> _Exercise directions_: You are asked to reproduce the listing exactly and to omit its pictures.

> _Data shown_:
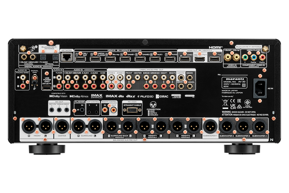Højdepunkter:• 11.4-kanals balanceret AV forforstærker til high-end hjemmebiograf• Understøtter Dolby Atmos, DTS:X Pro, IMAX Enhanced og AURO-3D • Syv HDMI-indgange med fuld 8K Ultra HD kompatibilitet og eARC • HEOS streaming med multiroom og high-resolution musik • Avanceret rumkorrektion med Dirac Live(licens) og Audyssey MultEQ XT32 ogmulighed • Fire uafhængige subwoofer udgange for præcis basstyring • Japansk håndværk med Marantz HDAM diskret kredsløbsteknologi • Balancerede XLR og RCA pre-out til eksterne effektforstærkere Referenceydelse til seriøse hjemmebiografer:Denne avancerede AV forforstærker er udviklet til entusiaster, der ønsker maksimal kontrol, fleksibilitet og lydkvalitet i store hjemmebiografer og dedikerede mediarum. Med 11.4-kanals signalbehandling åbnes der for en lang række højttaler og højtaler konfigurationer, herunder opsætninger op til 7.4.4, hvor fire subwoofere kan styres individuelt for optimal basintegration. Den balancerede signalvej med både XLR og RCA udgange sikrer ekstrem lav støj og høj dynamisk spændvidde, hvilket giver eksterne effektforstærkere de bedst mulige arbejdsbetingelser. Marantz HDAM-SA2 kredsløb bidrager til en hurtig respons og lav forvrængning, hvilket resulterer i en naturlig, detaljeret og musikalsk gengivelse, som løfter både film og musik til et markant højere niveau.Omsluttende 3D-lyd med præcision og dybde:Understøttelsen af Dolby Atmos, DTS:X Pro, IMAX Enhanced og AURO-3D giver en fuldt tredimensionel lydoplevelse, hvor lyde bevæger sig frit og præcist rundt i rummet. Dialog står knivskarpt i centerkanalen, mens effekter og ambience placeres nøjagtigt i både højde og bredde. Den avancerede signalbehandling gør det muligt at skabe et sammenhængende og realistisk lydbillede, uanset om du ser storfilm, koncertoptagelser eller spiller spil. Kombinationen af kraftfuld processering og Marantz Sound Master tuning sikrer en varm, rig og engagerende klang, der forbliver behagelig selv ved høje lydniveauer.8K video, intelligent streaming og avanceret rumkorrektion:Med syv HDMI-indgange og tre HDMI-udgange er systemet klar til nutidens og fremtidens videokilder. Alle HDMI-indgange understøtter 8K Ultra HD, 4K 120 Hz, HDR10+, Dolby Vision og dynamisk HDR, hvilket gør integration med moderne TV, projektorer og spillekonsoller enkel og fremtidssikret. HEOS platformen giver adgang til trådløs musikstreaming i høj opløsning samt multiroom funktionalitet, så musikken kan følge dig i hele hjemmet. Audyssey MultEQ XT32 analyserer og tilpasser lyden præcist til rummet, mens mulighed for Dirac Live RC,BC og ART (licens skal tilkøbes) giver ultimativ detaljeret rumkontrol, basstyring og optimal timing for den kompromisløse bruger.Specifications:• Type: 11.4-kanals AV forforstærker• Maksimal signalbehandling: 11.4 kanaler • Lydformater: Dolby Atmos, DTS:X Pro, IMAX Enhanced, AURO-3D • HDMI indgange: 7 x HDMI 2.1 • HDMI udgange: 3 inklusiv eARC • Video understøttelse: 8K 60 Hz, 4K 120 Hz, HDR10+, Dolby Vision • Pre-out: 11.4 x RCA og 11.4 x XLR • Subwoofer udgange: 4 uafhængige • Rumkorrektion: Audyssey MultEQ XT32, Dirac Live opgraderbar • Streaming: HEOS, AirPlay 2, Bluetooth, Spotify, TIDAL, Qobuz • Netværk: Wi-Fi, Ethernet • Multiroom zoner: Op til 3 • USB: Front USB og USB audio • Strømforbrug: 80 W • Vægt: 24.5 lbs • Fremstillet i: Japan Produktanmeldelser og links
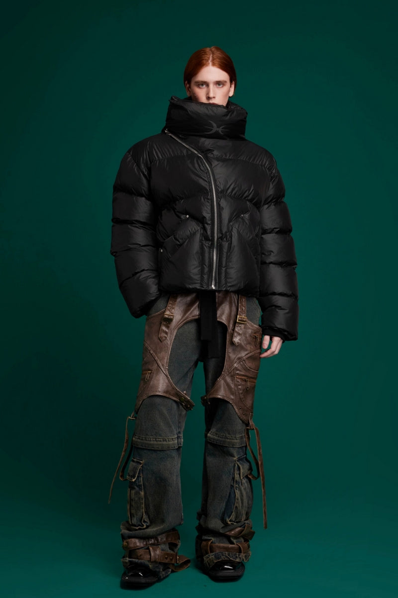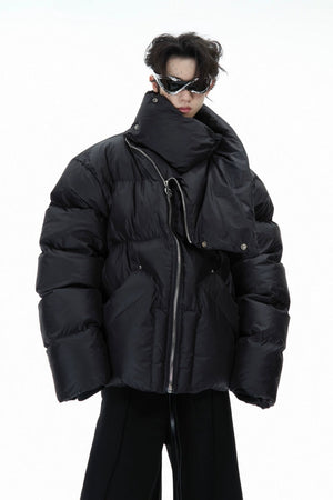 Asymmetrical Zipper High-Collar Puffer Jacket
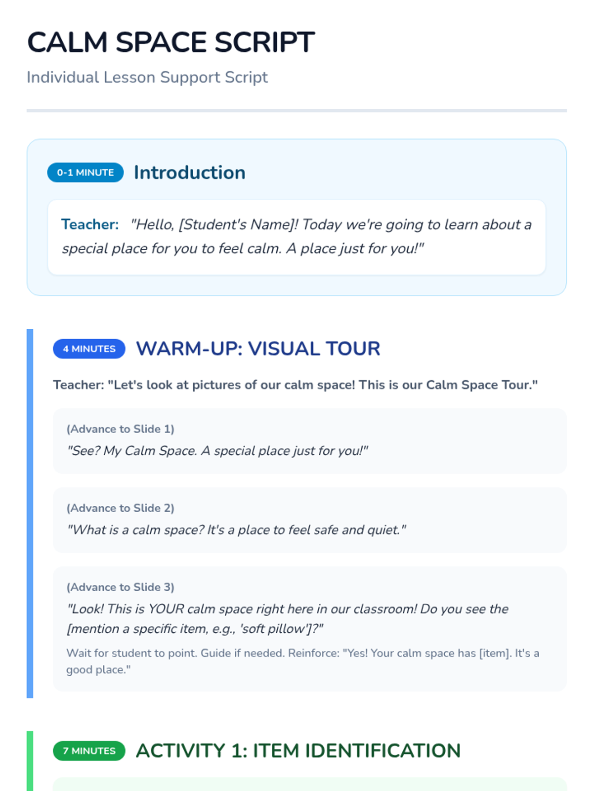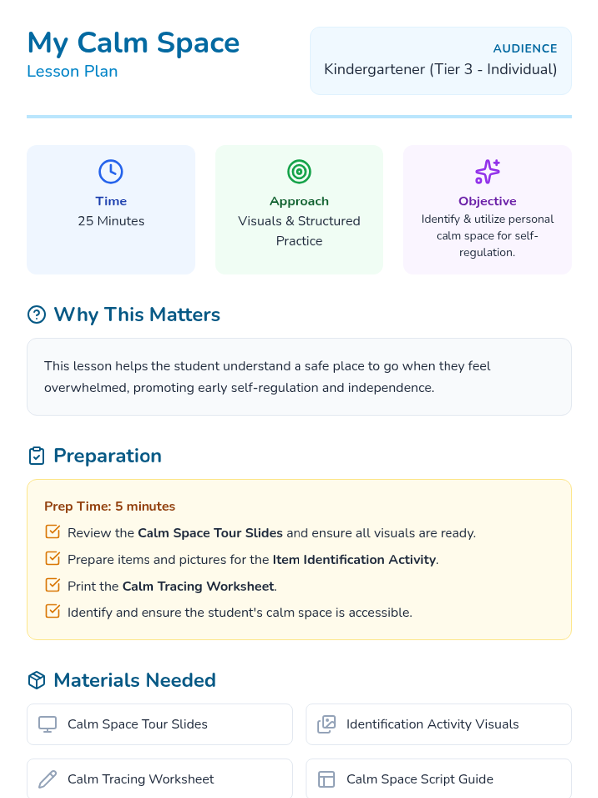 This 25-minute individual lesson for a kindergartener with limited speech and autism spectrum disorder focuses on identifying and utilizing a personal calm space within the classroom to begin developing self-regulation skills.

> _Expected output_:
Højdepunkter:• 11.4-kanals balanceret AV forforstærker til high-end hjemmebiograf• Understøtter Dolby Atmos, DTS:X Pro, IMAX Enhanced og AURO-3D • Syv HDMI-indgange med fuld 8K Ultra HD kompatibilitet og eARC • HEOS streaming med multiroom og high-resolution musik • Avanceret rumkorrektion med Dirac Live(licens) og Audyssey MultEQ XT32 ogmulighed • Fire uafhængige subwoofer udgange for præcis basstyring • Japansk håndværk med Marantz HDAM diskret kredsløbsteknologi • Balancerede XLR og RCA pre-out til eksterne effektforstærkere Referenceydelse til seriøse hjemmebiografer:Denne avancerede AV forforstærker er udviklet til entusiaster, der ønsker maksimal kontrol, fleksibilitet og lydkvalitet i store hjemmebiografer og dedikerede mediarum. Med 11.4-kanals signalbehandling åbnes der for en lang række højttaler og højtaler konfigurationer, herunder opsætninger op til 7.4.4, hvor fire subwoofere kan styres individuelt for optimal basintegration. Den balancerede signalvej med både XLR og RCA udgange sikrer ekstrem lav støj og høj dynamisk spændvidde, hvilket giver eksterne effektforstærkere de bedst mulige arbejdsbetingelser. Marantz HDAM-SA2 kredsløb bidrager til en hurtig respons og lav forvrængning, hvilket resulterer i en naturlig, detaljeret og musikalsk gengivelse, som løfter både film og musik til et markant højere niveau.Omsluttende 3D-lyd med præcision og dybde:Understøttelsen af Dolby Atmos, DTS:X Pro, IMAX Enhanced og AURO-3D giver en fuldt tredimensionel lydoplevelse, hvor lyde bevæger sig frit og præcist rundt i rummet. Dialog står knivskarpt i centerkanalen, mens effekter og ambience placeres nøjagtigt i både højde og bredde. Den avancerede signalbehandling gør det muligt at skabe et sammenhængende og realistisk lydbillede, uanset om du ser storfilm, koncertoptagelser eller spiller spil. Kombinationen af kraftfuld processering og Marantz Sound Master tuning sikrer en varm, rig og engagerende klang, der forbliver behagelig selv ved høje lydniveauer.8K video, intelligent streaming og avanceret rumkorrektion:Med syv HDMI-indgange og tre HDMI-udgange er systemet klar til nutidens og fremtidens videokilder. Alle HDMI-indgange understøtter 8K Ultra HD, 4K 120 Hz, HDR10+, Dolby Vision og dynamisk HDR, hvilket gør integration med moderne TV, projektorer og spillekonsoller enkel og fremtidssikret. HEOS platformen giver adgang til trådløs musikstreaming i høj opløsning samt multiroom funktionalitet, så musikken kan følge dig i hele hjemmet. Audyssey MultEQ XT32 analyserer og tilpasser lyden præcist til rummet, mens mulighed for Dirac Live RC,BC og ART (licens skal tilkøbes) giver ultimativ detaljeret rumkontrol, basstyring og optimal timing for den kompromisløse bruger.Specifications:• Type: 11.4-kanals AV forforstærker• Maksimal signalbehandling: 11.4 kanaler • Lydformater: Dolby Atmos, DTS:X Pro, IMAX Enhanced, AURO-3D • HDMI indgange: 7 x HDMI 2.1 • HDMI udgange: 3 inklusiv eARC • Video understøttelse: 8K 60 Hz, 4K 120 Hz, HDR10+, Dolby Vision • Pre-out: 11.4 x RCA og 11.4 x XLR • Subwoofer udgange: 4 uafhængige • Rumkorrektion: Audyssey MultEQ XT32, Dirac Live opgraderbar • Streaming: HEOS, AirPlay 2, Bluetooth, Spotify, TIDAL, Qobuz • Netværk: Wi-Fi, Ethernet • Multiroom zoner: Op til 3 • USB: Front USB og USB audio • Strømforbrug: 80 W • Vægt: 24.5 lbs • Fremstillet i: Japan Produktanmeldelser og links
 Asymmetrical Zipper High-Collar Puffer Jacket
 This 25-minute individual lesson for a kindergartener with limited speech and autism spectrum disorder focuses on identifying and utilizing a personal calm space within the classroom to begin developing self-regulation skills.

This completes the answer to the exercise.